Антон увидел памятник Неизвестному солдату у Кремлевской стены, вообразил, вспомнил. А увидел набросок. Едва начатая стена древней кирпичной кладки. Взвившийся ввысь наподобие меча огненный факел.
«Не могу изобразить вечный огонь, не в силах, — прочитал Антон быструю папину надпись на полях этюда. — Может быть, кто-то сможет. Для меня неизобразимо, слишком высоко для меня».
Среди картин Антон нашел треугольник записки.
«Не хочу отдавать эти свои рисунки на чужой суд, — писал отец. — Кроме тебя, их никто не видел. В каждом штрихе, каждой черточке моя любовь к тебе. Почему я никогда не сказал вслух чарующее слово: „люблю“. Я его рисовал. Ты понимала. Но потом жизнь все более утомляла тебя, и ты уже не читала мои рисунки, как раньше. Ты стала к ним равнодушна, потому что ко мне не приходило признание, мое уныние тяготило тебя.
Надеюсь, счастье еще посетит нас. Мы возьмем билеты на все теплоходы всех рек и поплывем из края в край по нашей стране. Я хочу видеть, видеть хочу, чтобы ты смеялась. И Антошку прихватим с собой…»
Подписи нет. Даты нет.
«Что значит — работать над архивом? Как над архивом работать? — подумал Антон. — Посоветуюсь с Яковом Ефимовичем».
— Уехал вчера в командировку, — ответили в телефонную трубку.
— Надолго?
— Едва ли, но точно не известно.
Там повесили трубку, Антон послушал частые гудки. И вернулся в мастерскую. Неуютно у папы все-таки. Тесно. Похоже на помещение склада, где свалены безо всякого порядка листы и эскизы. Наверное, порядок есть, продуманный папой, понятный ему одному.
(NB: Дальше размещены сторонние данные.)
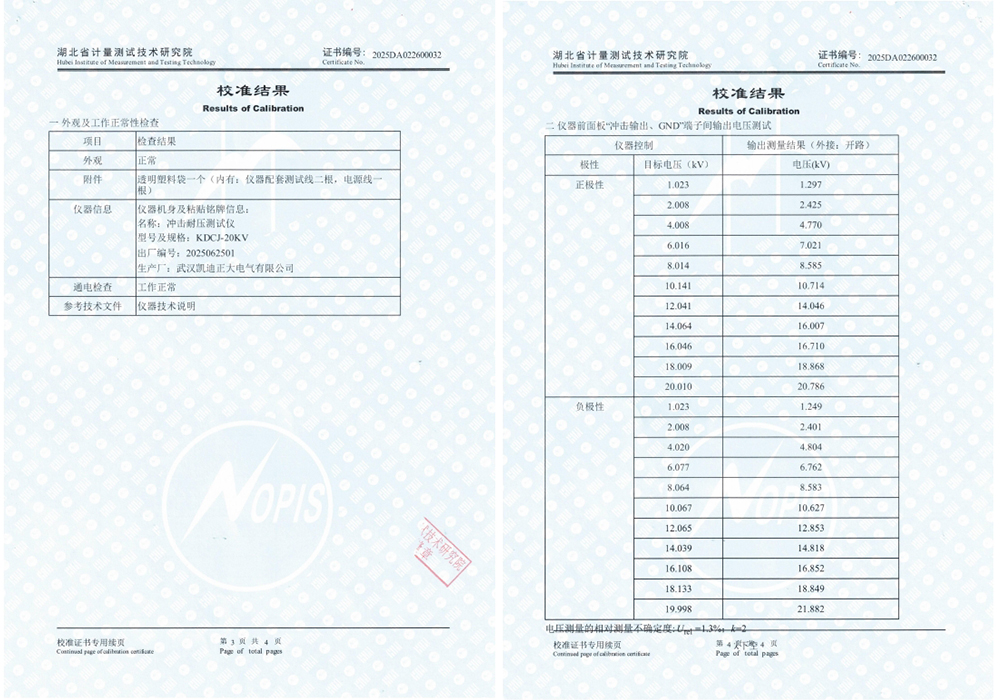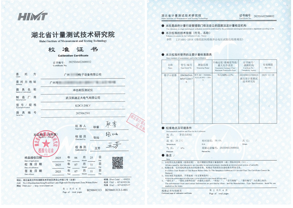 2025年7月11日,廣州某電子設備有限公司向武漢凱迪正大電氣采購的KDCJ-20kV沖擊耐壓測試儀,通過湖北省計量測試技術(shù)研究院的專業(yè)校準,驗證了測試儀的準確性和可靠性。

Антон взял не очень толстую папку, с аккуратно наклеенным заголовком — «Московская сюита».
Первый лист представил ему знакомый дом на Кропоткинской улице. И снова, как теперь уже понял Антон, в стиле и манере папы, точный портрет и по-своему увиденный дом партизана Дениса Давыдова. Сквозь рассеянно-голубоватую мглу неясно рисуется волшебно-зыбкое здание, колонны, в окнах бледные силуэты людей. И вдруг луч солнца, разрывая голубоватую мглу, падает на ворох осенних листьев, и ветер подхватывает их, они летят, стая оранжевых птиц.
Дальше увидел Антон тесный дворик, кусты одичавшей сирени, как у них во дворе, ветхий домишко в три окна по фасаду, старую женщину в черном платке.
«Все ушло, осталась лишь память», — написано папиной рукой.
Дальше увидел Антон церквушку, разрисованную причудливо яркими красками, такую игрушечную, что казалось, можно поднять и на руках унести.
Дальше высокие стеклянные дома — башни, сотни освещенных окон, широкий проспект: движется поток машин, фар, и проспект праздничен, как новогодняя елка. Изо всех высотных сооружений отец любил только этот ансамбль, и только вечерней порою.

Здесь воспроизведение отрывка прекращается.